> **Given data**
———

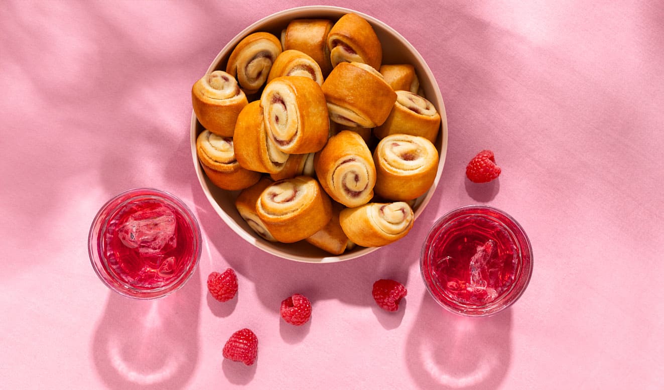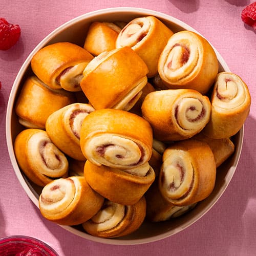 Wheat flour, water, sugar, rapeseed oil, almonds (2,5%), raspberries (2,5%), milk, skimmed milk powder, whole egg powder, blueberry juice, glucose syrup, invert sugar, barley malt, yeast, salt, citrus fibre, modified starch (potato), raising agents (E450, E500), emulsifier* (E471), acidity regulators (E330, E331), thickeners (E401, E440), preservatives (E200, E202, E282), flour treatment agent (E300), vanilla flavourings, natural raspberry flavourings, natural vanilla flavouring.
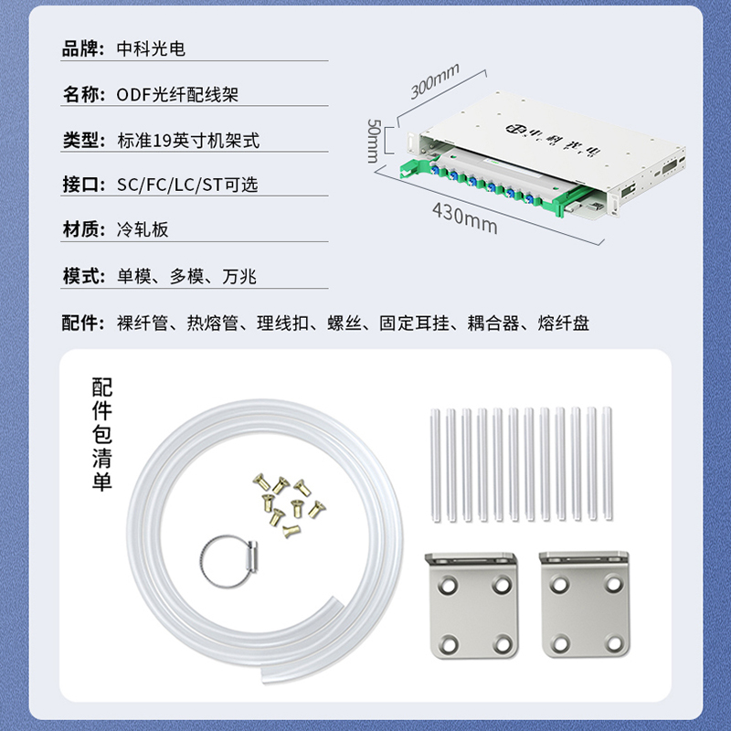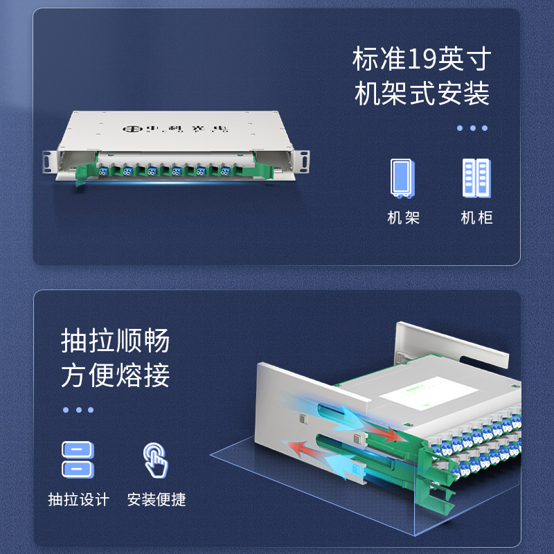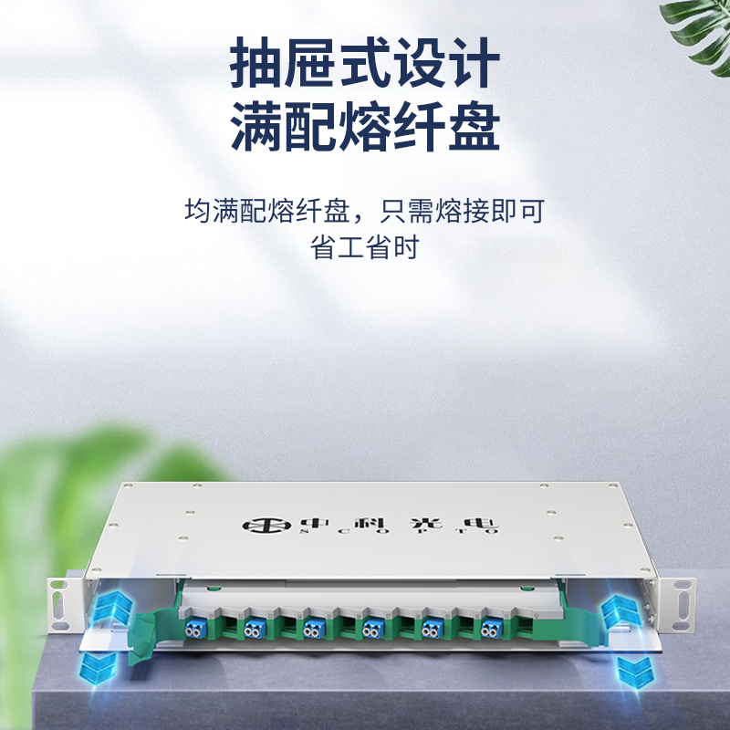中科光電ZK-ODF-12LC-SM 12芯ODF光纖配線架LC單模滿配箱 19英寸機架式推拉終端盒子框單元體光纜尾纖熔接盤
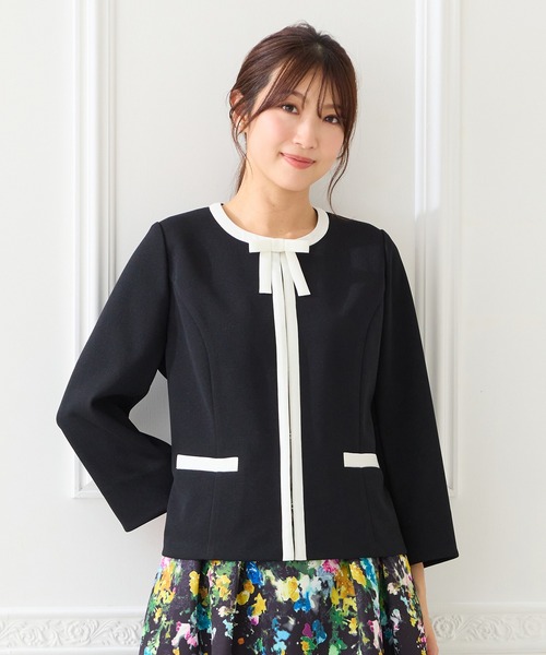 ・凹凸感としなやかな伸縮性が魅力のノーカラージャケット・伸縮性のある素材で、コンパクトなシルエットでも窮屈感のない快適な着心地に・きちんと感の中にフェミニンさを感じるデザインで、オフィスからフォーマルシーンまで幅広く活躍・立体的なリボンと配色トリミングが上品なアクセント・リボンはピンブローチになっているので取り外し可能・豊富なサイズ展開で、自分にぴったりのフィット感を選べるのも嬉しいポイント************************************透け感: なし裏 地: 裏なしポケット: あり************************************モデル身長: 166cm/ 38号着用詳細着用モデル身長 166cm / 着用サイズ 38号*取り扱いについては、商品についている品質表示でご確認ください。*撮影環境により、実際と色味が違って見える場合があります。また、PC・スマートフォンなどにより、製品と画像のカラーが異なる場合もございます。*商品画像はサンプルのため、色味やサイズ、プリント位置、仕様などに変更がある場合があります。*50号は一部の店舗・ONLINE SHOPのみの展開となります。取扱いしていないサイトもございますのでご了承ください。【RoseTiara/ローズティアラ】フェミニンな愛らしさと、大人のエレガンスを一度にまとう服。「可愛い」をずっと手放さない、あなたのためのブランドです。素材選びからデザイン、パターンまでを一貫して行い、タックの向きやギャザー分量、フリル位置などを36・38・40号と42・46・50号では調整し、パターンを分けることで美しいシルエットと着心地の良い服を提案します。

———

> **Problem requirements**
A word-for-word copy of the data above is needed, one that omits the pictures.

> **Written reply**
 Wheat flour, water, sugar, rapeseed oil, almonds (2,5%), raspberries (2,5%), milk, skimmed milk powder, whole egg powder, blueberry juice, glucose syrup, invert sugar, barley malt, yeast, salt, citrus fibre, modified starch (potato), raising agents (E450, E500), emulsifier* (E471), acidity regulators (E330, E331), thickeners (E401, E440), preservatives (E200, E202, E282), flour treatment agent (E300), vanilla flavourings, natural raspberry flavourings, natural vanilla flavouring.
中科光電ZK-ODF-12LC-SM 12芯ODF光纖配線架LC單模滿配箱 19英寸機架式推拉終端盒子框單元體光纜尾纖熔接盤
 ・凹凸感としなやかな伸縮性が魅力のノーカラージャケット・伸縮性のある素材で、コンパクトなシルエットでも窮屈感のない快適な着心地に・きちんと感の中にフェミニンさを感じるデザインで、オフィスからフォーマルシーンまで幅広く活躍・立体的なリボンと配色トリミングが上品なアクセント・リボンはピンブローチになっているので取り外し可能・豊富なサイズ展開で、自分にぴったりのフィット感を選べるのも嬉しいポイント************************************透け感: なし裏 地: 裏なしポケット: あり************************************モデル身長: 166cm/ 38号着用詳細着用モデル身長 166cm / 着用サイズ 38号*取り扱いについては、商品についている品質表示でご確認ください。*撮影環境により、実際と色味が違って見える場合があります。また、PC・スマートフォンなどにより、製品と画像のカラーが異なる場合もございます。*商品画像はサンプルのため、色味やサイズ、プリント位置、仕様などに変更がある場合があります。*50号は一部の店舗・ONLINE SHOPのみの展開となります。取扱いしていないサイトもございますのでご了承ください。【RoseTiara/ローズティアラ】フェミニンな愛らしさと、大人のエレガンスを一度にまとう服。「可愛い」をずっと手放さない、あなたのためのブランドです。素材選びからデザイン、パターンまでを一貫して行い、タックの向きやギャザー分量、フリル位置などを36・38・40号と42・46・50号では調整し、パターンを分けることで美しいシルエットと着心地の良い服を提案します。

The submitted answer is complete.